Но сколько я ни щурился и ни приставлял руку козырьком к глазам — ничего подобного не увидел.

— Вы что, дурачитесь? — спросил я через несколько мгновений. — Фантазируете?

— Господь с вами, Эдди. Вы знаете, что я всегда говорю чистейшую правду.

— Вы хотите сказать, что действительно что-то разглядели?

— Стану я вас дурачить, Эдди. Вон же оно, разве вы сами не видите?

У меня глаза заболели от напряжения. Но видел я только точку в небе у горизонта — то ли птица, то ли обман зрения.

— А поверх этой штуки — что-то вроде черной ленты с серебряной пряжкой, — сказал Петерс.
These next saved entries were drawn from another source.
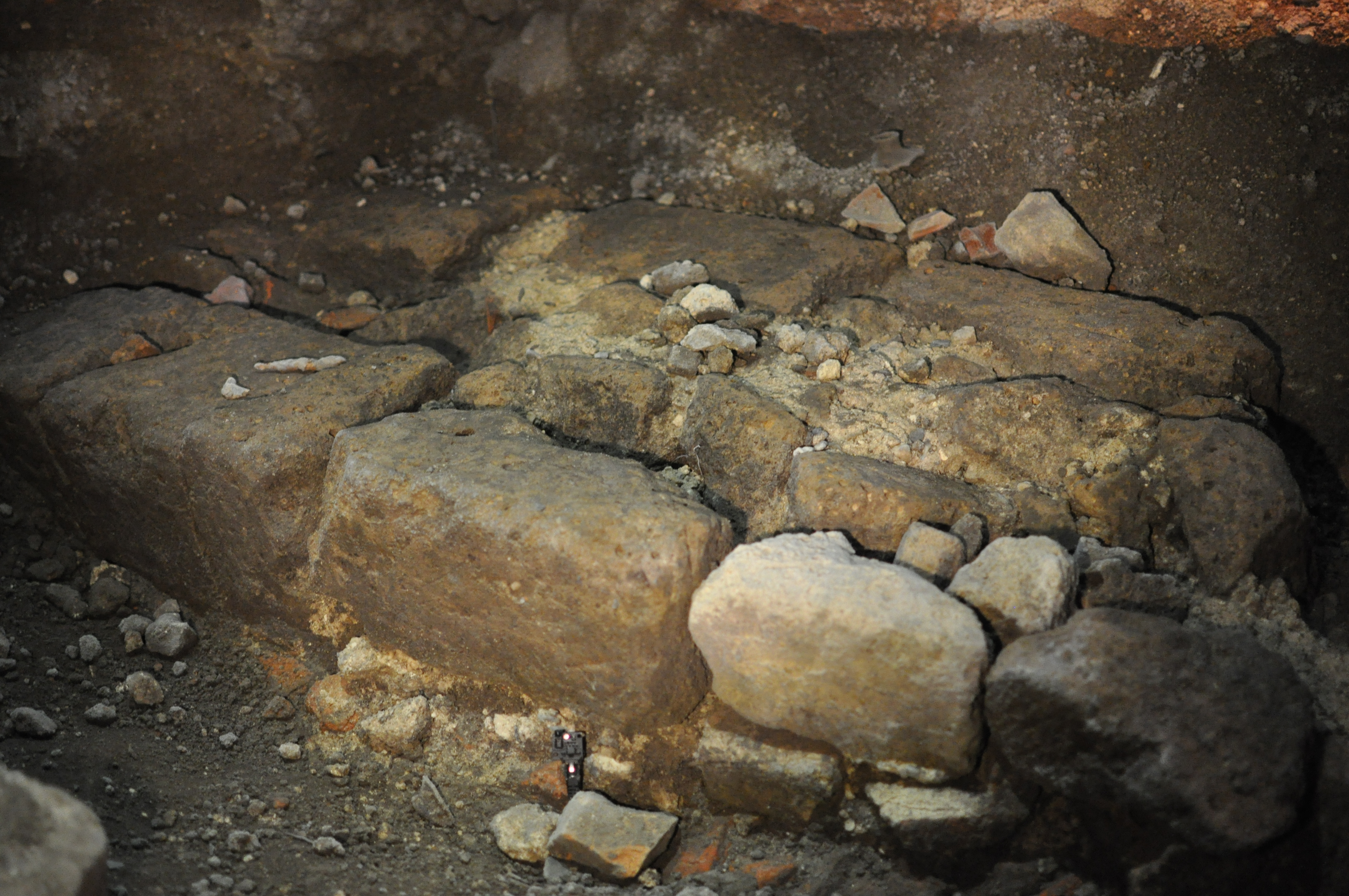 Op het Domplein zijn vanaf 1929 opgravingen verricht naar de resten van het castellum Traiectum, dat hier in de jaren 40 na Chr. werd gebouwd. In de eerste fasen bestond het Romeinse castellum uit een houten constructie met aarden wallen eromheen. Het eerste castellum werd spoedig vervangen door een nieuwe versterking. Gezien de aanwezigheid van een dikke brandlaag is dit castellum waarschijnlijk verwoest tijdens de Bataafse opstand in het jaar 69. Hierop volgde nog een derde en vierde houten castellum. Zoals de andere castella aan de noordelijke Limes werd Traiectum rond 200 na Chr. in tufsteen uitgevoerd. Het tot dusver rechthoekige castellum werd toen tevens naar het noorden uitgebreid, waardoor het geheel een meer vierkant grondplan kreeg. Ook poorten en hoektorens werden in steen opgetrokken. In het castellum Traiectum waren zo’n 500 soldaten gelegerd. Het fort werd aan het eind van de 3e eeuw verlaten, maar op de locatie van het castellum verrees in de 7e eeuw de eerste voorloper van de huidige Dom. 1 2 3 4 5 67
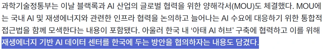 → 블랙록과의 AI 인프라 투자 관련 MOU 체결
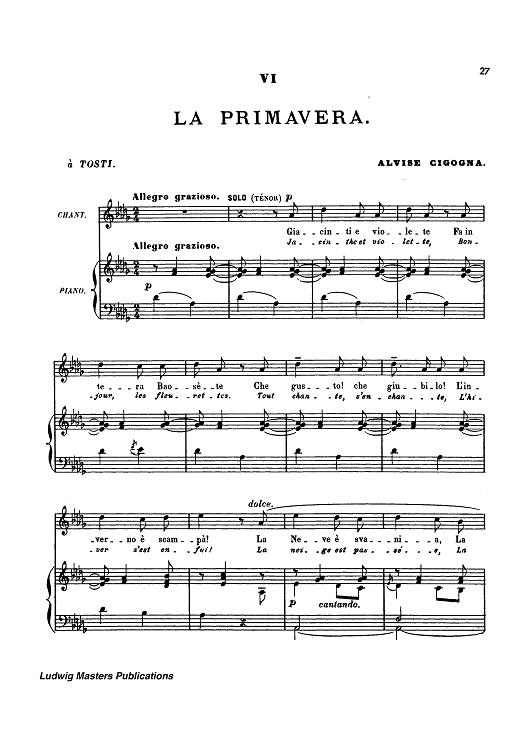 Digital Sheet Music for VI - La Primavera by Reynaldo Hahn, Maurice Léna, Alvise Cigogna scored for Piano/Vocal; id:444851
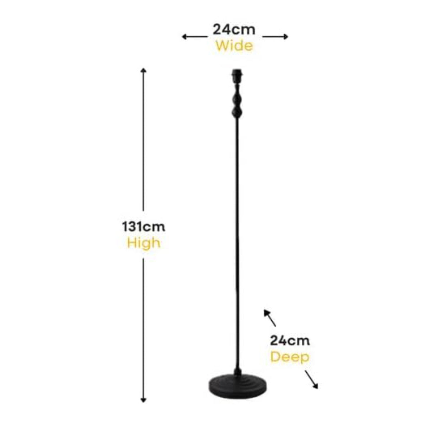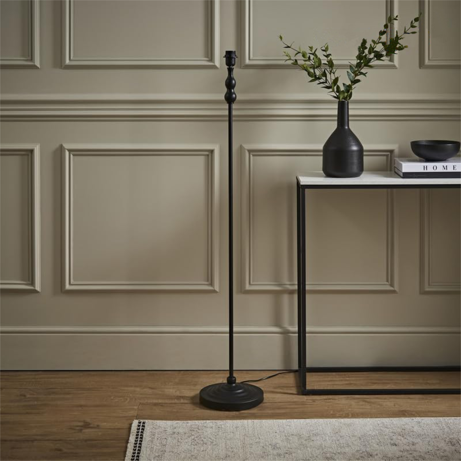 A black metal candlestick floor lamp with a slim stem and wide base. Designed to pair with a variety of lampshades and ideal for filling empty corners in the home.
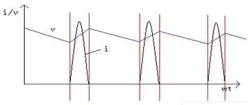 一般開關(guān)電源為容式濾波,在輸入與整流濾波部分電磁噪聲主要是由整流過程中造成的電流尖峰、電壓波動所引起的。正弦波電源經(jīng)過電源濾波器進(jìn)行差模、共模信號衰減后,由整流橋整流、電解電容濾波,得到的電壓作為高頻逆變部分的輸入電壓。由于濾波電容的存在,使整流器不象純整流那樣一組開通半個周期,而是只在正弦電壓高于電容電壓時才導(dǎo)通,造成電流波形非常陡峭,同時電壓波形變得平緩。電流、電壓的波形如圖2所示。
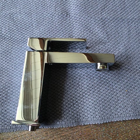 Moderne servantkraner i krom, 2 stk. Designet for baderomsvask med enkeltgrep for temperatur- og vannmengdekontroll. Materiale i metall med kromfinish, firkantet form.
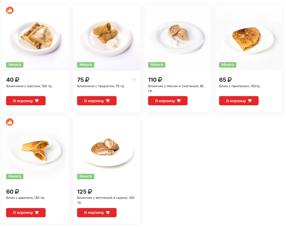 В прошлом году в «Хлебнице» продавали самый дешевый блин за 29 рублей, но сейчас его нет. Сейчас там блин с творогом стоит 60 рублей, а мясной — 75 рублей.
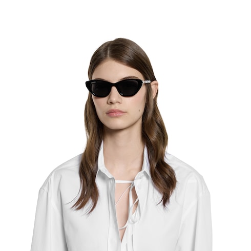 La colección de gafas Pre-Fall 2025 cuenta con clásicos de estilo contemporáneo. Estas gafas de sol de ojo de gato se han fabricado en acetato negro y metal plateado con cristales y un detalle perforado de GG entrelazada.

— Бросьте, неужели вы все это видите?

— Ей-же-ей! Раскройте глаза, Эдди!

Что ж, подумал я, возможно, не зря сложены легенды об удивительном зрении живущих в прериях индейцев, чья кровь течет в жилах Петерса.

— Ладно, верю, — кивнул я. — Что там еще? Он прищурился посильнее.

— Похоже, в той корзинке сидит человек, — сказал он. Я наблюдал за точкой, которая постепенно увеличивалась в размерах.

— Медвежье дерьмо! — провозгласил Грип. Наш корабль как раз проплывал мимо большой льдины, на которой не раз оправлялись краснозубые медведи.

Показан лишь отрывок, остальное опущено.